Requirement: Images are not wanted; transcribe the rest of the listing exactly.

Source material:

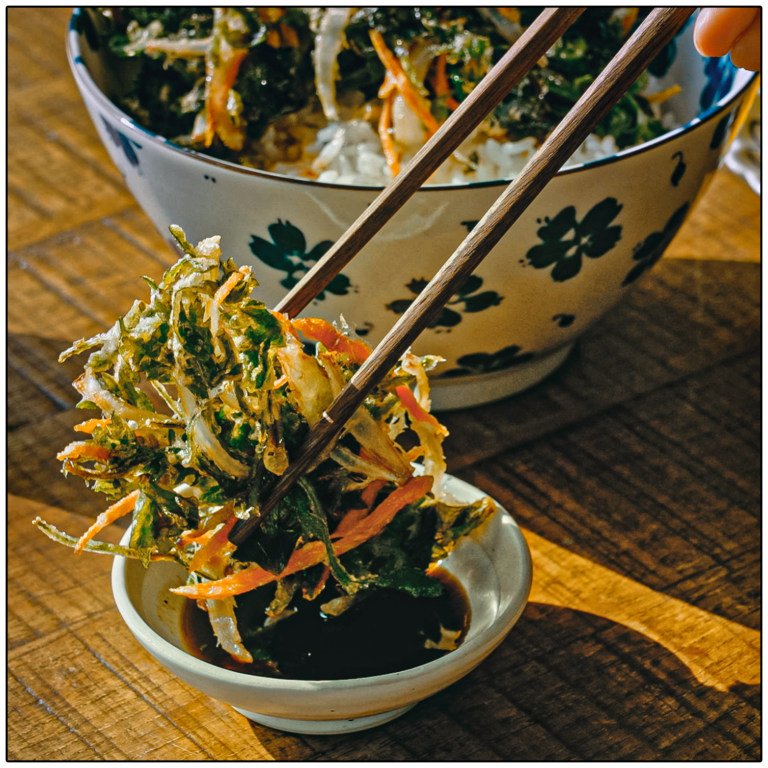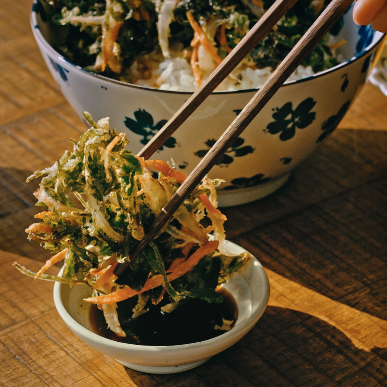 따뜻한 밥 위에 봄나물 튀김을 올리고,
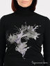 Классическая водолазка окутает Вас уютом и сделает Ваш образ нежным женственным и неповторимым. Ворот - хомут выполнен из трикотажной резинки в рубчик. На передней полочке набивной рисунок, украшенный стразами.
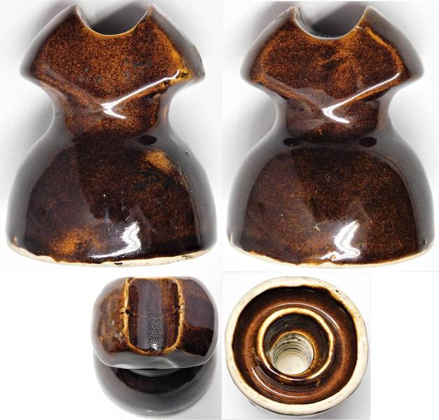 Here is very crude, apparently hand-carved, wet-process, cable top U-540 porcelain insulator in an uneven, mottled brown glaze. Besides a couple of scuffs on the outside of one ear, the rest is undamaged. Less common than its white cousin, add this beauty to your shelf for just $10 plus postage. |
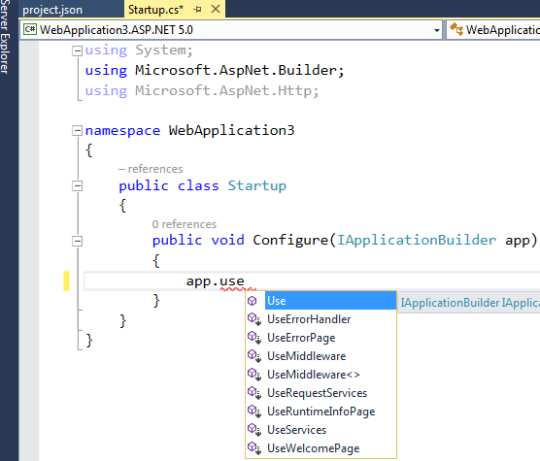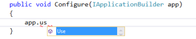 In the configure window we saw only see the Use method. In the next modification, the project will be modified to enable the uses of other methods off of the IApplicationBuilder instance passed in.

Exercise response:
 따뜻한 밥 위에 봄나물 튀김을 올리고,
 Классическая водолазка окутает Вас уютом и сделает Ваш образ нежным женственным и неповторимым. Ворот - хомут выполнен из трикотажной резинки в рубчик. На передней полочке набивной рисунок, украшенный стразами.
 Here is very crude, apparently hand-carved, wet-process, cable top U-540 porcelain insulator in an uneven, mottled brown glaze. Besides a couple of scuffs on the outside of one ear, the rest is undamaged. Less common than its white cousin, add this beauty to your shelf for just $10 plus postage. |
 In the configure window we saw only see the Use method. In the next modification, the project will be modified to enable the uses of other methods off of the IApplicationBuilder instance passed in.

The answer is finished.